"Children may not understand political alliances or intellectual argumentation, but they surely understand rubber bands and fistfights."--Steven Pinker, from The Stuff of Thought: Language as a Window into Human Nature (Viking, 2007).
SOMETIMES A CIGAR is just a cigar. Then again, mischief is the hot smoke that curls off the end of a lit intellect. And sometimes a diamond in the rough is indeed just an ancient deposit of highly compressed carbon. But no facet of humanity's evolved "genius" as Aristotle put it more than 2,300 years ago, sparkles so brilliantly as our unique capacities for extra-literal description and comprehension.
Until recently, most professional sources have attributed our proficiency with language to a pair of knuckle-sized regions on the brain's left side called Broca's area and Wernicke's area. The former module was responsible for grammar, the latter for word meanings. But new technologies, featuring functional Magnetic Resonance Imaging (fMRI), have allowed scientists to probe non-invasively into the brains of healthy volunteers and to discover, first, that other parts of the brain share in these responsibilities and, second, that Broca's and Wernicke's regions contribute to other important tasks as well.
For some, such frustrating complexity spells the end of the "modularity" hypothesis that instructs the functional specialization of certain identifiable neural systems. For others, including psychologist Gary Marcus, author of The Birth of the Mind (Basic Books, 2004), new evidence suggests "not that we should abandon modules (the Swiss Army Knife view of the brain) but that we should rethink them--in light of evolution."

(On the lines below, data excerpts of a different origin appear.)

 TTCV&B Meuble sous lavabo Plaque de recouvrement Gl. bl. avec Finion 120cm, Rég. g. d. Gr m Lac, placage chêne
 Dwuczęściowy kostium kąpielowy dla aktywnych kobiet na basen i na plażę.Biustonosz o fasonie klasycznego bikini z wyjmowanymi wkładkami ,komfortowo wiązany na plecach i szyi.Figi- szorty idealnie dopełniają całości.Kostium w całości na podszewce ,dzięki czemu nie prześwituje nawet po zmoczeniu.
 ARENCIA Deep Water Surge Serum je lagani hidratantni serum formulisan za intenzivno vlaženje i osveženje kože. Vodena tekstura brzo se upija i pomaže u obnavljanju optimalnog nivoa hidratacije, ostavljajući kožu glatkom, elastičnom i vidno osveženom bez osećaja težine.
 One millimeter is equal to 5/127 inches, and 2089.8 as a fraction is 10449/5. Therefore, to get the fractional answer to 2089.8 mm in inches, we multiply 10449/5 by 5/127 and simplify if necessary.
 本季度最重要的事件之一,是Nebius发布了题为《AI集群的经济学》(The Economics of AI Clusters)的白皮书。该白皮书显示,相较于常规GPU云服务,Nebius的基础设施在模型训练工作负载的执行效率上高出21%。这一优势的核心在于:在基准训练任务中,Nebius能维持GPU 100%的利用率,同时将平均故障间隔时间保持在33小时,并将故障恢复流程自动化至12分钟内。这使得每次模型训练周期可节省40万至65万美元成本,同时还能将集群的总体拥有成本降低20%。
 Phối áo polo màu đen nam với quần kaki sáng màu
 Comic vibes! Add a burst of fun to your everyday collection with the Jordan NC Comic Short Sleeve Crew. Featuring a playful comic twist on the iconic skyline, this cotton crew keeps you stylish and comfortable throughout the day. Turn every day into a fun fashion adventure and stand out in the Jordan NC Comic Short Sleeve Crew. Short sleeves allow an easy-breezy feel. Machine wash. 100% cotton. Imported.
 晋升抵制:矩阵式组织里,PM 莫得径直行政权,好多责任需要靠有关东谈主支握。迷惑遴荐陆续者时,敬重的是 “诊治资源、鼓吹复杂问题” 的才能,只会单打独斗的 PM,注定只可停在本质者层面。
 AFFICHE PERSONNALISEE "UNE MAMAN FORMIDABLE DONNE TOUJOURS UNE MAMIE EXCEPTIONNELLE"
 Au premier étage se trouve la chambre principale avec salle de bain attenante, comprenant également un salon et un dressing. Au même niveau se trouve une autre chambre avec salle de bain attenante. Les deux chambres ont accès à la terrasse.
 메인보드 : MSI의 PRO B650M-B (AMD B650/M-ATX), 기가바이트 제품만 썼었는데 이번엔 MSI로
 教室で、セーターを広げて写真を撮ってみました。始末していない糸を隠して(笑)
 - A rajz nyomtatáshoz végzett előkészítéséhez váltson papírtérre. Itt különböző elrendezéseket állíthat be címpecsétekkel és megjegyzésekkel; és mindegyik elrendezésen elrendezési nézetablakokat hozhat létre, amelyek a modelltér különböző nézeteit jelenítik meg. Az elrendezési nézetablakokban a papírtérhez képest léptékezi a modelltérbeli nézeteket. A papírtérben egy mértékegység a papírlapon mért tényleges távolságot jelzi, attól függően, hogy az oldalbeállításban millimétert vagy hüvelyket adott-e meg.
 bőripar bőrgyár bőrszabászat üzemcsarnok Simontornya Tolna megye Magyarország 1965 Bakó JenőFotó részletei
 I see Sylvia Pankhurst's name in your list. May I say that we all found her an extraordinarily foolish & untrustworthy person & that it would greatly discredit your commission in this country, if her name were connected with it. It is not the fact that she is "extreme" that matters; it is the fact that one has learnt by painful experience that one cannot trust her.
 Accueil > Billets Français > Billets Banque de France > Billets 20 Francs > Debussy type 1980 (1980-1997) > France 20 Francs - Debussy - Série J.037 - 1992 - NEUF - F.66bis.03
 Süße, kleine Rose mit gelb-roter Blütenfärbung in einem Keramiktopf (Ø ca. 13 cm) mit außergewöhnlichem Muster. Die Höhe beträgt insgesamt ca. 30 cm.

While he acknowledges that the brain's left hemisphere appears to be devoted to both language and problem solving, R. Grant Steen, psychologist, neurophysiologist, and author of The Evolving Brain (Prometheus, 2007), agrees with Marcus, defining language (as opposed to mere communication) in very practical, adaptive terms:
[L]anguage is a system of communication that enables one to understand, predict, and influence the action of others. Inherent in this definition is a concept of theory of mind: if communication is instinctual rather than having a purpose, then it should probably not be considered a language. If communication has a purpose, this assumes an awareness of other independent actors, whose actions can potentially be influenced.... [F]or communication to serve the needs of the listener as well as the needs of the speaker, the listener must be able to understand what the speaker is "really" saying. It is not enough to understand the literal meaning of speech.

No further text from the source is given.